Sprague v. Quality Restaurants Northwest, Inc.

162 P.3d 331, 213 Or. App. 521, 2007 Ore. App. LEXIS 884
CourtCourt of Appeals of Oregon
DecidedJune 27, 2007
Docket050504650; A131182
StatusPublished
Cited by12 cases

This text of 162 P.3d 331 (Sprague v. Quality Restaurants Northwest, Inc.) is published on Counsel Stack Legal Research, covering Court of Appeals of Oregon primary law. Counsel Stack provides free access to over 12 million legal documents including statutes, case law, regulations, and constitutions.

Bluebook
Sprague v. Quality Restaurants Northwest, Inc., 162 P.3d 331, 213 Or. App. 521, 2007 Ore. App. LEXIS 884 (Or. Ct. App. 2007).

Opinion

*523 SCHUMAN, J.

Plaintiff brought this putative class action against defendant, the owner of the restaurant where she once worked, alleging violations of Oregon’s wage and horn- statutes. Defendant filed a motion to compel arbitration pursuant to an arbitration clause in the parties’ employment agreement. In response, plaintiff argued that the arbitration clause was unconscionable and therefore unenforceable. The trial court agreed with plaintiff and issued an order denying defendant’s motion to compel arbitration. Defendant appeals. ORS 36.730(l)(a) (permitting appeal from order denying motion to compel arbitration). We hold that the arbitration clause is not unconscionable. We therefore reverse and remand.

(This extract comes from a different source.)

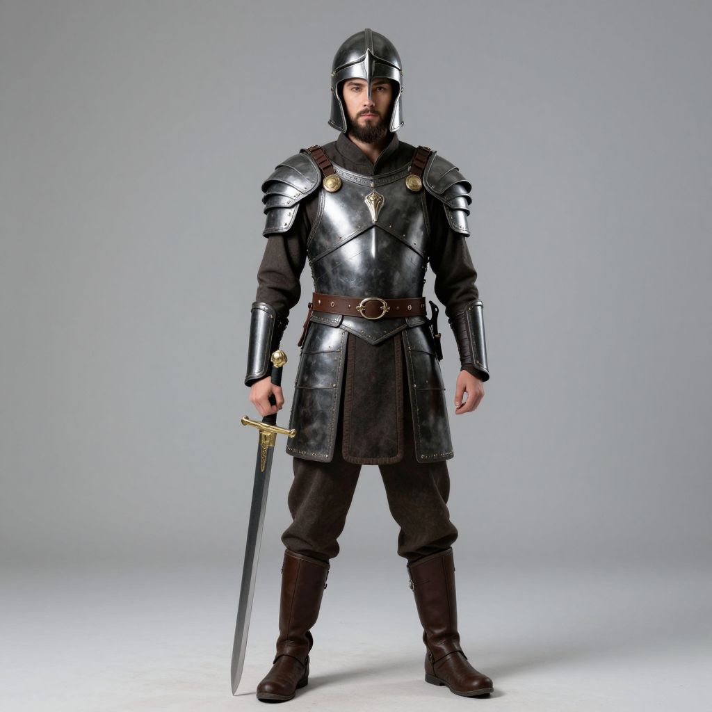 Photograph of a bearded man standing against a plain gray background. He is dressed in medieval-style black armor, including a shiny steel helmet, chest plate, shoulder guards, and a leather skirt with a brown leather belt. He holds a long, straight sword with a gold hilt in his right hand. His black pants and brown leather boots complete the outfit. The armor is detailed with small gold accents. The man's expression is neutral, and he stands with his feet shoulder-width apart, centered in the frame. The lighting is even, highlighting the metallic texture of the armor.

The allegations underlying this case concern two paychecks that plaintiff received after ending her employment at a restaurant owned by defendant. 1 She claims that she received the first, for approximately $247, seven days after she was terminated, and the second, for $20.64, approximately one month later. The second check was returned for insufficient funds. According to plaintiff, these facts amounted to violations of ORS 652.110 (checks issued by employers must be negotiable), ORS 652.120 (wages must be paid within 35 days of last regular payday), ORS 652.140 (wages must be paid within one business day of discharge or termination by mutual agreement), and ORS 653.025 (establishing minimum wage). Plaintiff filed a class action against defendant on behalf of herself and all of defendant’s other similarly situated current and past employees.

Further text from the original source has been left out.